More and more I try to have fewer meetings, and to keep them short. In one of them, a short one by the way, I noticed that every couple of minutes I was looking at the iPad constantly. Why? App notifications kept coming in, and I kept looking and figuring out what they meant. My meeting was already short, and I was more focused on the damn notifications, instead of making my meeting, that was already short and productive, even more productive.
What was the problem? I hadn’t defined what was important and urgent, important but not urgent, urgent but not important, and not urgent and not important. The meeting was important and urgent, and the notifications were non-urgent and non-important.
Notifications create a sense of urgency around something that turns out not to be important at all. I don’t need to know right away that someone retweeted my tweet. I began to realize that a minimal change would have a huge impact.
“There are two types of people: one wants to control his environment, the other, struggles to keep his environment from controlling him.
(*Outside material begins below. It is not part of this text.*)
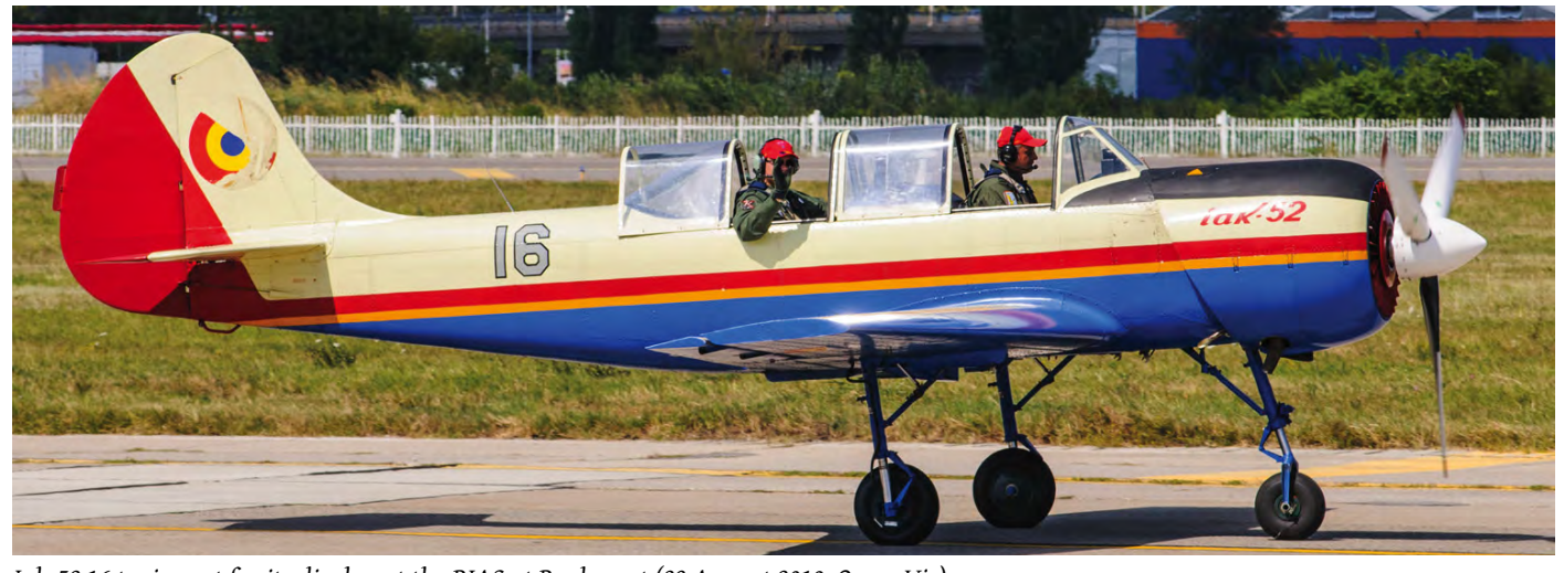
Iak-52 16 taxies out for its display at the BIAS at Bucharest (23 August 2019, Oscar Vis)

I like to control my environment.” – George Carlin
What I like best, by turning off all notifications, is that I now decide when I check my email, Twitter, LinkedIn, Quora, etc. And everything that happens, happens because of me. And it sounds weird, but I love that feeling. It was my fault that I got notifications, and by controlling that part of my environment, everything is sharper. And now that it’s my fault, I can work on myself and on getting better, and on checking those notifications less often.
I highly recommend you try to do that.